(RECORDED DATA begins)

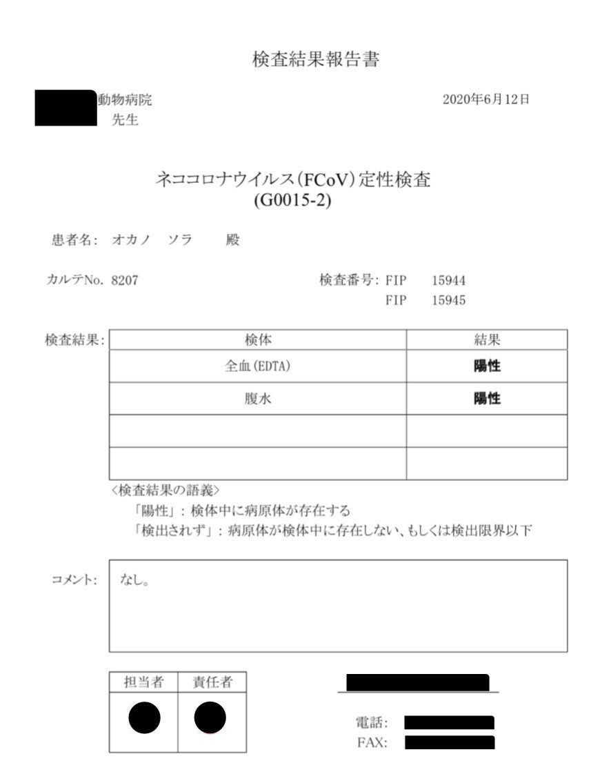 獣医師より「FIPの可能性が極めて高く、非常に難しい病気で、死亡率は100%、何もしなければ1~2週間の余命です。」と診断を受け、「対処療法(解熱剤、整腸剤等)で少しでも楽にしてあげることしかできない。」と言われ、目の前が真っ暗になりました。
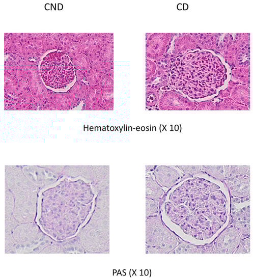 To calculate the glomerulosclerosis rate (GMS), sections stained with PAS (50 glomeruli/section) were used. After assessing the area of each glomerulus, the positive PAS surface was quantified via image analysis using the formula: [PAS(+)A (µm2)/GA (µm2)] × 100 (GMS: percentage of glomerular area with PAS(+) material; PAS(+)A: area occupied with PAS(+) material in a glomerulus; GA: area of a glomerulus).
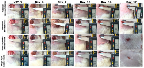 The images shown in Figure 6 represent the treated and nontreated wounds with the phage on zero day, 4th, 7th, 10th, 14th, and 17th post-surgery.
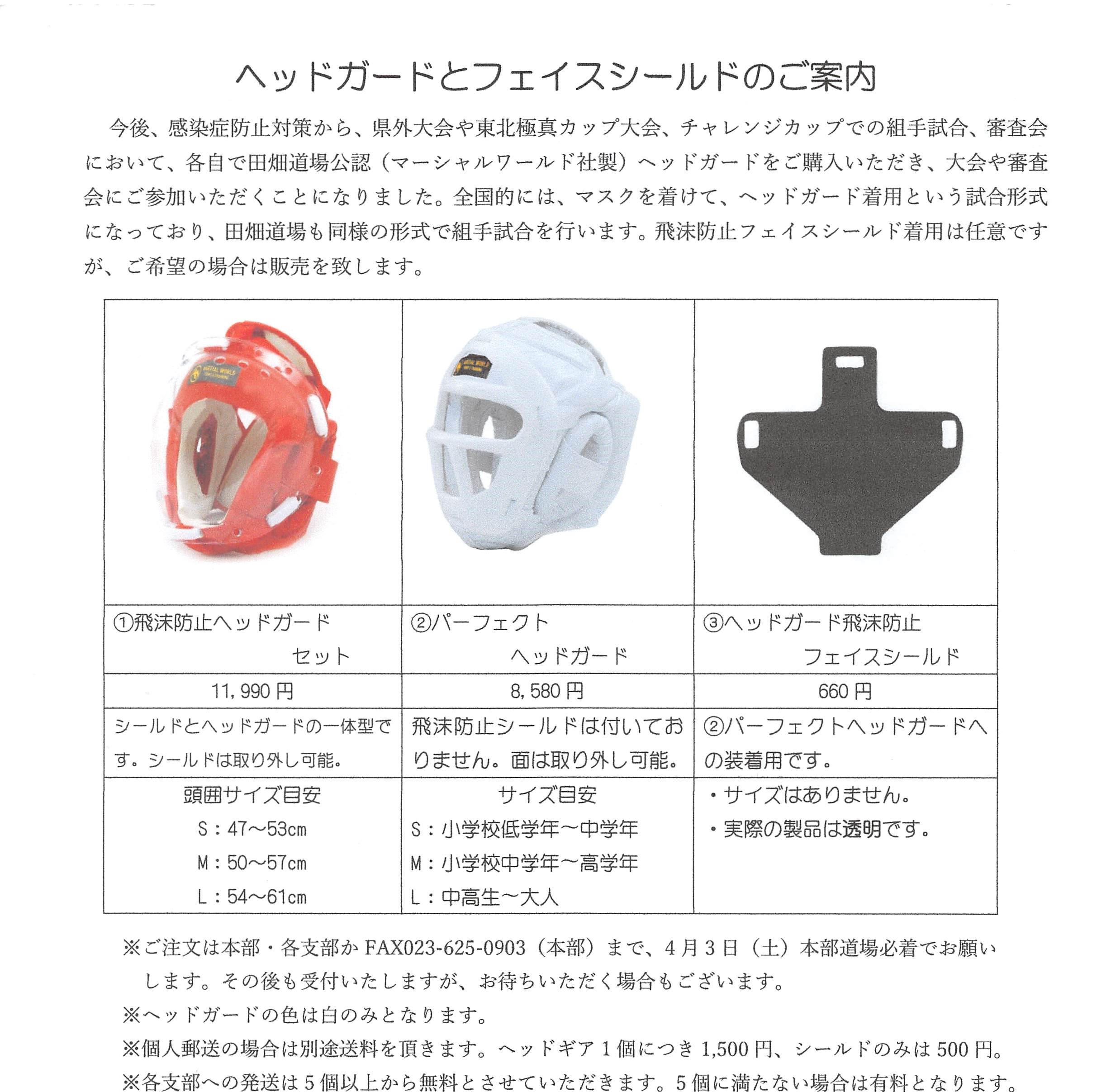 What's New 田畑道場公認ヘッドガード販売予約受付中! tabatadojo 2021年3月31日 感染防止対策から、大会での組手試合や審査会において、各自で公認ヘッドガードをご購入いただき、ご参加いただくことになりました。詳しくは、ご案内をご参照下さい。

(RECORDED DATA ends)

• WORK REQUIRED
Each line above is to be repeated exactly as written; no picture is carried over.

• TASK OUTPUT
 獣医師より「FIPの可能性が極めて高く、非常に難しい病気で、死亡率は100%、何もしなければ1~2週間の余命です。」と診断を受け、「対処療法(解熱剤、整腸剤等)で少しでも楽にしてあげることしかできない。」と言われ、目の前が真っ暗になりました。
 To calculate the glomerulosclerosis rate (GMS), sections stained with PAS (50 glomeruli/section) were used. After assessing the area of each glomerulus, the positive PAS surface was quantified via image analysis using the formula: [PAS(+)A (µm2)/GA (µm2)] × 100 (GMS: percentage of glomerular area with PAS(+) material; PAS(+)A: area occupied with PAS(+) material in a glomerulus; GA: area of a glomerulus).
 The images shown in Figure 6 represent the treated and nontreated wounds with the phage on zero day, 4th, 7th, 10th, 14th, and 17th post-surgery.
 What's New 田畑道場公認ヘッドガード販売予約受付中! tabatadojo 2021年3月31日 感染防止対策から、大会での組手試合や審査会において、各自で公認ヘッドガードをご購入いただき、ご参加いただくことになりました。詳しくは、ご案内をご参照下さい。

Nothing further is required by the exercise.